In this focused 2-hour tutorial, Dartanbeck guides you step-by-step through using Code 66’s powerful LowPi Crowd Generation System—designed for creating vibrant, low-poly animated characters that won’t slow down your workflow.

If you're working on sci-fi corridors, fantasy markets, winter resorts, or zombie apocalypses or other imaginative crowd scenes this tutorial shows you how to populate your sets with rich, diverse crowds that move, react, and tell a story.

What You’ll Learn:

How to generate animated crowds using the LowPoly Crowd Creator Bundle

Using ProScripts Pack to build custom WearKits, PoseKits, PropKits, and LowPi Sets

How to add walking, sitting, talking, or idle animations to your crowds

Practical use of Code 66 extensions: PopPlus, PathTool, Area & Slope, and more

Creating custom outfits and integrating them into randomized generation

Enhancing scenes with cinematic VFX: iReal clouds, VDB fire, and dynamic traffic

Scene Examples Include:

French Ski Resort (Winter Wonderland expansion)

Fashion Show & i13 Theatre(Dinner and a Show)

Golf Course (Medieval Life characters at leisure)

Urban Sprawl 3 (Cyberpunk city with animated crowds)

The Knight’s Castle (Skeleton horde with animated VDB FX)

Houseboat Adventures and more

Core Products used in this Tutorial

- LowPoly LowPi Base Figure (by FeralFey and Lyrra Madril)
- LowPi Crowd Generator (by Code 66 and FeralFey)
- Optional ProScripts For LM LowPi Lowpoly Figure Crowd Generation (by Code 66)

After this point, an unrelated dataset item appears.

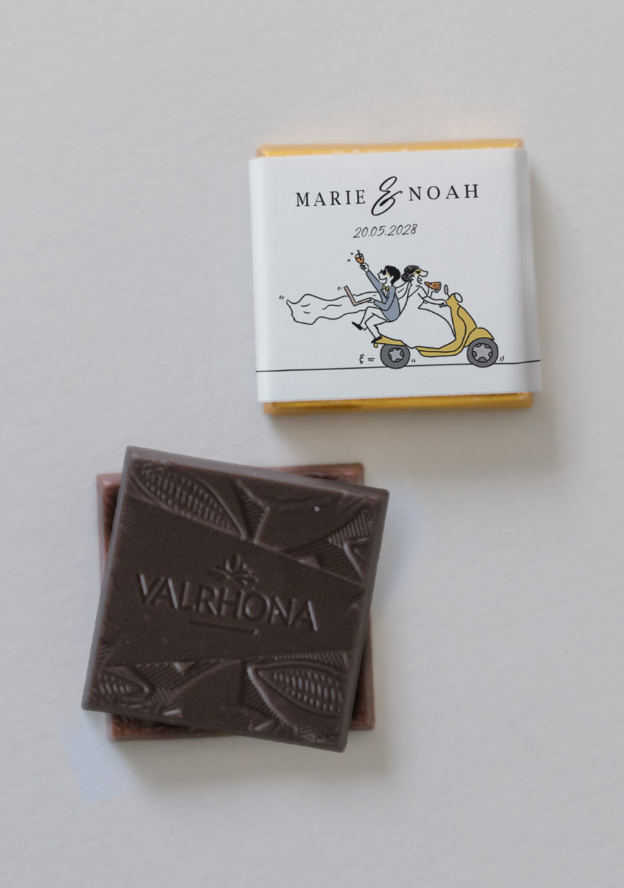 - De délicieux carrés de chocolats de la marque Valrhona, à personnaliser avec le visuel de votre choix.

Recommended : Get the Lowpoly Crowd Creator Bundle

No ProScripts: No Problem.

Dartanbeck also demonstrates how to animate LowPi figures manually using only the base Crowd Generator—ideal for users just starting out or building up their toolkit.

Perfect For:

DAZ Studio users wanting to populate complex scenes with animated figures

Artists working in sci-fi, historical, urban, or fantasy genres

Animators looking for lightweight, high-impact background crowds

Anyone ready to explore the creative potential of LowPi system

About the Presenter: Dartanbeck began his digital art journey painting fantasy game tiles and later became a texture artist for 3D game characters, earning several Hall of Fame awards. His passion for animation led him to create digital shorts and cinematic scenes.

Now a DAZ 3D published artist, he has released Carrara environment kits and animation packs, and actively uses DAZ Studio and Carrara in his projects. Dartanbeck enjoys sharing his knowledge and helping others grow as creators.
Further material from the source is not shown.